Optimizing Boiler-System Efficiency

Oct. 1, 2009
Maintenance, equipment accuracy can affect fuel usage and costs

Boiler-system efficiency is one of the most documented and published topics for plant engineers and utility managers in commercial and industrial facilities. Understandably, with gas and oil costs at $6 to $10 per million British thermal units of fuel energy value, boiler fuel can represent 30 to 50 percent of total energy budgets in plants with large thermal loads. Typically, fuel consumption accounts for 80 percent of the operating costs for a gas- or oil-fired steam plant. Labor, depreciation, maintenance, and water treatment account for the other 20 percent. Fuel optimization and stack-emissions reduction are crucial.
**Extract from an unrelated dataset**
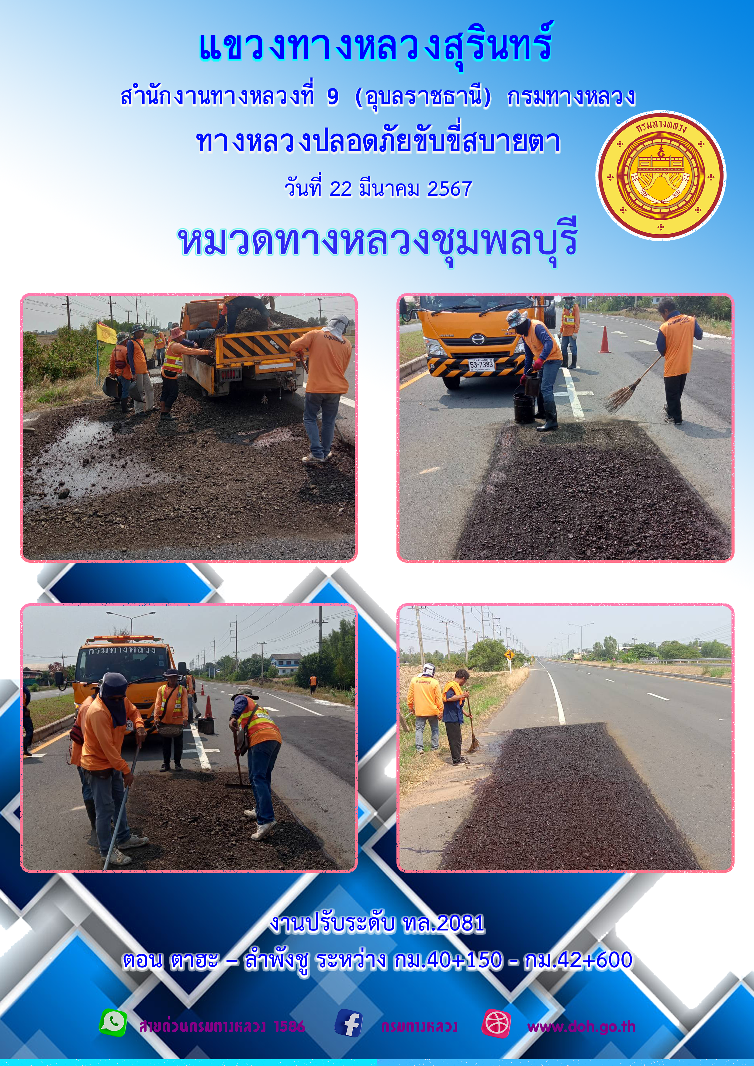ทางหลวงปลอยภัย ขับขี่สบายตา 22 มีนาคม 2567

The U.S. Department of Energy and the American Boiler Manufacturers Association (ABMA) report more than 200,000 firetube boilers and 25,000 watertube boilers are in service in the United States. Moreover, nearly half of those units are estimated to be at least 25 years old, with many operating 5- to 10-percent below original design-performance levels.


Many factors can impact boiler efficiency, such as poor water treatment, high flue-gas temperature, low-quality fuel, too much excess air (i.e., high oxygen [O2]), low feed-water supply temperature, low combustion-air supply temperature, radiant-heat loss, poor combustion, conduction-heat loss (e.g., fouled tubes), operation at low or cyclic loads, and poor controls/instrumentation.
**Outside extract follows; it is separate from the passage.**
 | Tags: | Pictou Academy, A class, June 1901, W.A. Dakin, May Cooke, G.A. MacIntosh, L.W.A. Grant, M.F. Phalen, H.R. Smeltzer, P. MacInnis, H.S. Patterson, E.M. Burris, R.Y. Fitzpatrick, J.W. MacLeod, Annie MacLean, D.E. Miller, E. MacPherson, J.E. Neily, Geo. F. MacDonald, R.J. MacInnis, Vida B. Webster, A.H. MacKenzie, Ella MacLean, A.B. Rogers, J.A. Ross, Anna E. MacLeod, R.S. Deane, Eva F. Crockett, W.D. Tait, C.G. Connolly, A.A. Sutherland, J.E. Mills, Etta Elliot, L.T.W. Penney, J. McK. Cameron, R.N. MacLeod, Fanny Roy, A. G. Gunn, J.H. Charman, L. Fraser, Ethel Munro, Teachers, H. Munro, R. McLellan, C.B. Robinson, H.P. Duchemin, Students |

Two of every three steam-plant boilers my company inspects are in need of operational improvements, many of which include major cost-saving opportunities. Facilities with more “mature” steam plants may be using excess fuel, emitting higher levels of nitrogen oxide (NOx) and carbon dioxide (CO2), and impacting manufacturing-process reliability.

A small 350-hp firetube boiler can consume nearly $700,000 in fuel per year, while a large 60,000-pph watertube boiler can consume about $4 million worth. (These figures are based on a fuel cost of $8 per million British thermal units of fuel energy value, 90 percent load, and 24-hr-per-day/seven-days-per-week/350-days-per-year [24/7/350] operation). Even minor performance issues can be costly. Therefore, it is important to be tuned in to steam-plant operating conditions.
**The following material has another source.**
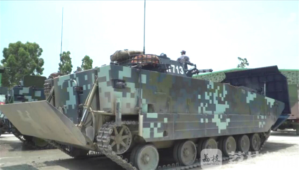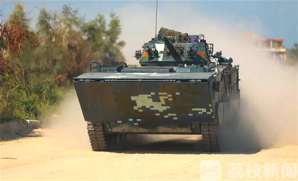 在这次比赛中,05式两栖装甲步兵战车是中国海军陆战队的主战装备,在第三阶段的接力赛中,各参赛队队员要驾驶它在长约8公里的赛道上接力完成障碍地段驾驶、车载火炮和机枪射击等竞赛内容,考验着各参赛队的单兵技战术水平和整体作战能力。

The economic downturn has caused many companies to reduce operating costs. Technical staff and maintenance people were some of the first to be affected. Steam-plant oversight frequently is delegated to hourly employees, and many commercial and industrial boilers have been licensed for “unattended” operation. A boiler technician may spend 1 or 2 hr per day in a steam plant conducting routine water tests, collecting data, and performing minor maintenance checks. Over the weekend, a maintenance-staff member may substitute as a boiler operator. Therefore, it is crucial that boiler-system controls and instrument equipment be in optimal condition.

Although mandated safety checks may be ongoing, what about operational effectiveness? Left unattended, the performance of sophisticated process controls will degrade over time. Most industrial mechanical utility systems are not equipped with artificial intelligence. Critical unsafe conditions are monitored, alarmed, and tripped, but anomalies are not artificially repaired online. Boiler efficiency may not be monitored electronically at all.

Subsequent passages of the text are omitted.